What and Whom Are Jewish Museums For?Historians in the News
tags: museums, Jewish history
These questions are swirling around the future of the Jewish Museum Berlin, one of the city’s most popular visitor attractions, after the abrupt departure last month of its director, Peter Schäfer. He left after a string of controversies in which critics — including the Israeli government and the main organization representing Jews in Germany — said the institution had gone beyond its mission and become overly political.
In particular, a recent exhibition about Jerusalem was seen as pro-Palestinian and anti-Israel. Other controversial exhibitions from Mr. Schäfer’s tenure dealt with attitudes toward circumcision and women’s head coverings, among other themes.
The museum, housed in a landmark zinc-clad zigzag building by the architect Daniel Libeskind, now finds itself caught between opposing sides as it seeks a new leader.
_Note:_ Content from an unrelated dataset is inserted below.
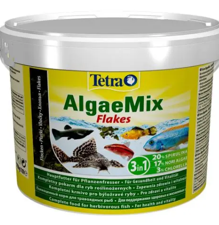 Тетра АлджіМікс - це високоякісний корм у вигляді пластівців, який спеціально розроблений з урахуванням особливих потреб всіх видів травоїдних декоративних риб. Складається зі збалансованої суміші спіруліни (20%), норі (17%) і хлорели (3%). Суміш цих водоростей містять життєво необхідні елементи, білок, вітаміни і мінерали, а ще в них міститься велика кількість незамінних жирних кислот. Таким чином, вони сприяють оздоровленню імунної системи і підтримці життєвих сил і забарвлення.

On the one side are representatives of Berlin’s Jews who say that under its previous leadership, the museum’s focus was not sufficiently Jewish; on the other are international scholars and museum professionals who praise the institution for its willingness to serve as a place for dialogue on issues of identity in an age of growing anti-Semitism across Europe.
A search committee for a new director, led by Germany’s culture minister, Monika Grütters, is seeking “an internationally experienced museum professional,” to develop the institution, the museum said in a statement. Mr. Schäfer, though a highly respected scholar of Judaism, had no prior experience leading a museum before taking the position in 2014. He was also not Jewish.